There was nothing worse than seeing two flashing colors on your TV screen when you should be seeing that glorious NES game title screen.
A un-countable number of comedians have already covered the subject of how everyone had their special way of getting their Nintendo to work and how you could only get your own NES working.
My cousin Ryan would lick the game and then press the game down as hard as he could. In desperation, I once licked a particularly troublesome game and remember tasting a dusty battery.
One of my best friend's in high-school had to use a Game Genie even if they weren't putting in codes. Without the Genie, the console wouldn't recognize a game was inserted.

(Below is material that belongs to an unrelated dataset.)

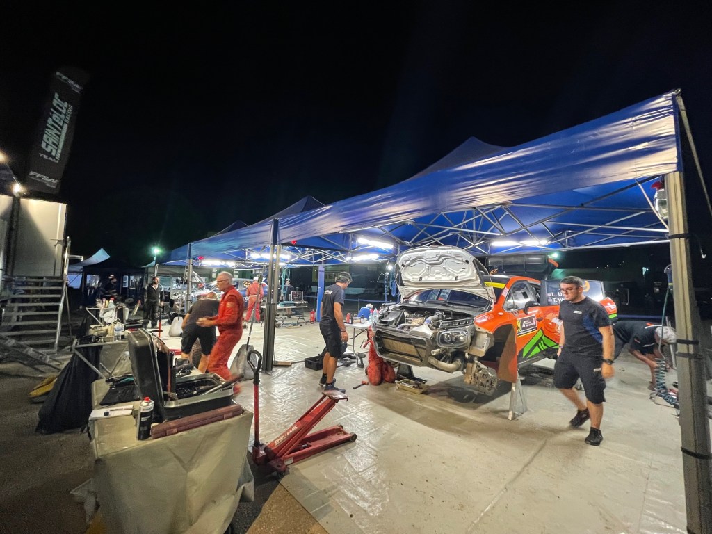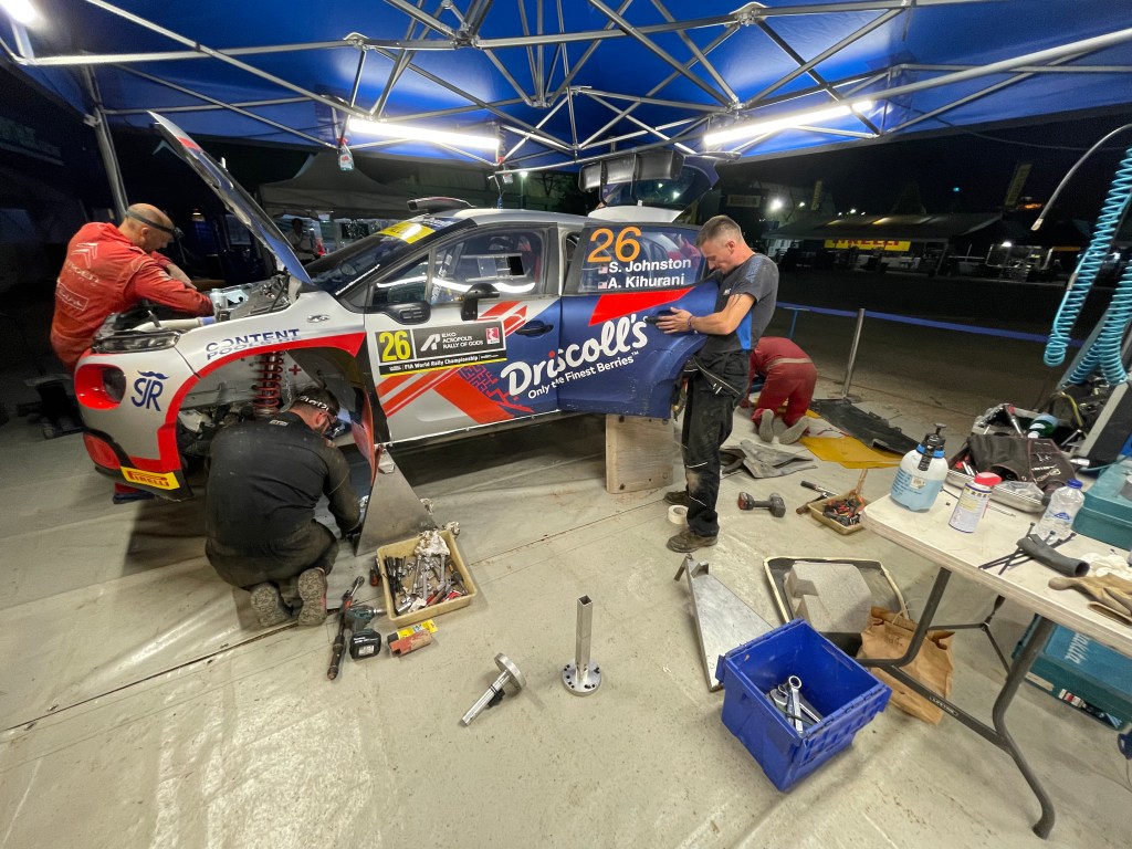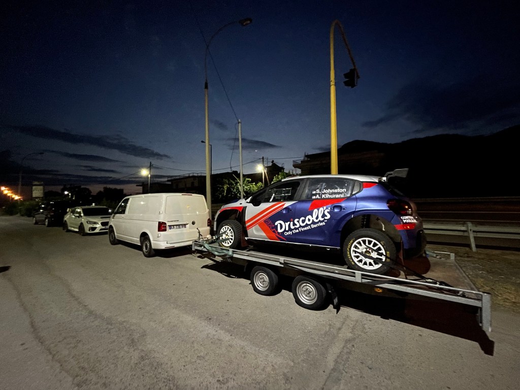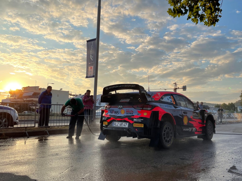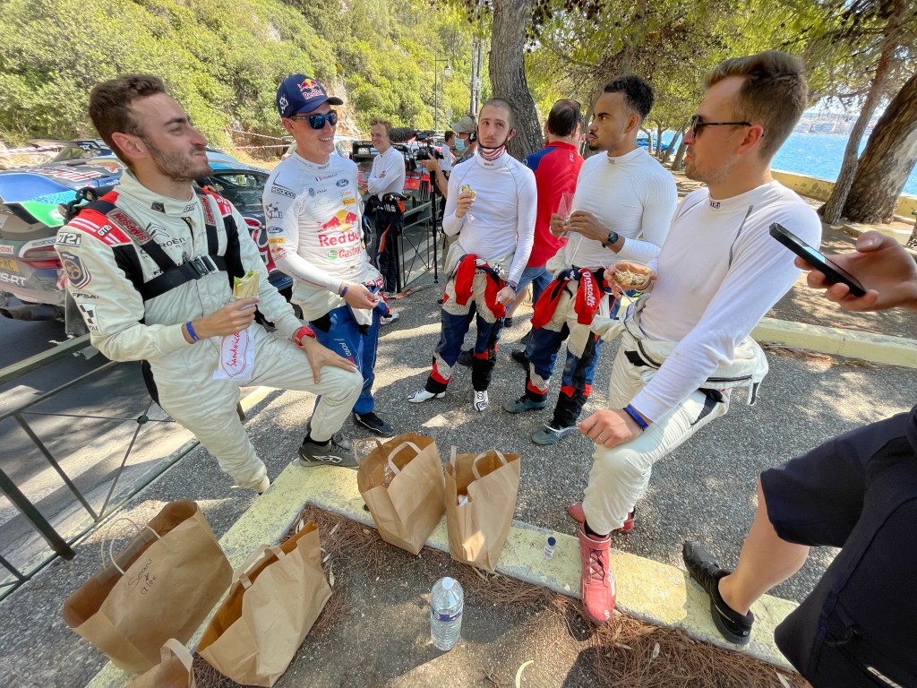 Au petit matin, nous quittons la capitale et ses bouchons pour éviter à nos équipages la mauvaise surprise de devoir gérer seuls leurs pneus à Loutraki. Le soleil est cette fois bien revenu et la course enfin lancée. Grâce à WRC+, les splits SAS et les différents groupes Whatsapp, il est très simple de communiquer et suivre la course. Vincent est aussi rapide que la FIA pour transmettre tous les additifs et COC de l’organisation. Sur place, il faut donner l’emplacement attribué à notre voiture et s’assurer qu’il n’y a pas plus d’une personne pour aider et pas d’autres outils que le cric. Les chefs de voiture récupèrent leurs pneus au camion Pirelli et les ingénieurs, Thomas Breton et Steffan, établissent les stratégies pour les spéciales suivantes. De mon côté, j’amène les paniers repas et surtout l’eau à leur arrivée au regroupement puisqu’après c’est interdit. Les voitures souffrent déjà mais les réparations possibles sont très limitées, uniquement avec ce qui se trouvent déjà dans l‘auto. Ostberg qui a cassé une transmission, devra retirer la seconde et pointera en retard. A peine « Crazy Leo » repartit, qu’il nous faut tout charger et rentrer à l’assistance pour préparer la Flexi-Service du soir.

My neighbor across the street would discard the warnings about only using the official Nintendo cleaning kit and would dab rubbing alcohol on a Q-tip and rub it in the games.
My wife's family would do a combo of blowing into the game, rubbing it down with a dry Q-tip, and in some cases shoving a Popsicle stick into the system to hold the games at the perfect height to make contact with the terminals.
I would blow into a game for exactly 30 seconds. I'd then push the game all the way into the system and then pull the game out just a pinch. And I could never push the game down into the system. If I pushed it down how you were supposed to, blinking color screens all day long.
You don't get these great stories anymore.
Telling the heroic tale of putting your red-ringed 360 into the official Microsoft casket and waiting two to six weeks for a refurbished console to make its way back just doesn't have the same comedic feel of laying in your pajamas on the floor at 6:00 a.m. getting dizzy from blowing into a game for too long.
So how did you get your NES to work?